Study Alludes To Government Mishandling Social Security Numbers
An investigation slated for the September issue of Consumer Reports and announced in early August has suggested that government leaks of information resulted in the loss or exposure of about 44 million consumer records from 2005 to mid-2008.
The government’s apparent negligence, evidenced by recent spot examples reported in the news, was worrisome but unsurprising, says Robert Siciliano, identity theft protection expert and chief security analyst for One You Security LLC. He stresses that Social Security numbers are already exposed to the public, and points to his company’s services that render the numbers useless to the thieves who can easily obtain them anyway.
“At the government level, leaks of identifying information useful to thieves occur on a grand scale,” Siciliano says. “This is largely because municipal governments continually fail to update their antiquated processes, which results in officials posting Social Security numbers and more online, for all to see. Most consumers recognize that this is incredibly negligent behavior. But they must also accept the fact that it nevertheless happens, and that privacy is not the answer. Why? Privacy is no longer possible. Consumers must now manage their unfortunate circumstances by turning to services that transform their no-longer-private information into something of no use to the thieves who are going to obtain it anyway.”
In early August, news reports across the United States surfaced to suggest that Social Security numbers, as well as other identifying consumer information, are subject to questionable handling and practices when in the hands of municipal governments:
• In Wayne County, Mich., many residents’ “Social Security numbers, salaries, birth dates and other important identifier information have been on the Web since 2000,” reported Detroit’s Daily Free Press.
• The Associated Press reported that recipients of traffic citations in Virginia and the District of Columbia “could find their Social Security numbers posted on a state Web site if that information is on their driver’s license.” The online documents display full name, address, gender, height, weight and birth date of the drivers and, if their driver’s licenses have the information, their Social Security numbers, too.
• In New York State, The Democrat and Chronicle reported that the Social Security numbers “of hundreds of Monroe County residents who filed for bankruptcy several years ago are available for viewing on the County Clerk’s Web site.” According to the article, the posting online of U.S. Bankruptcy Court documents, which display the information, was regular practice earlier in the decade.

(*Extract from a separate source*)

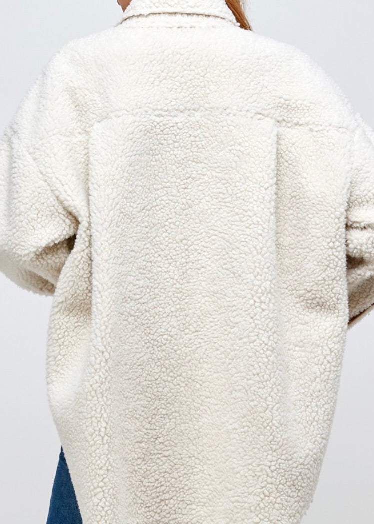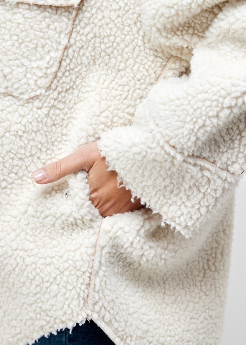 Warm enough to wear and soft enough to cuddle up with, cozy up in our oversized, cream, sheep fur jacket. This oversized jacket features a button down closure, two chest pockets, collar and side pockets.

These and other reports were in fact “par for the course,” according to Siciliano, who was unsurprised by Consumer Reports data on the matter announced two days earlier. The publication analyzed records of publicly reported data breaches compiled by the nonprofit Privacy Rights Clearinghouse and found more than 230 security lapses by federal, state and local government from 2005 through mid-June 2008 resulting in the loss or exposure of at least 44 million consumer records containing Social Security or driver’s license numbers and other personal data, according to the press announcement.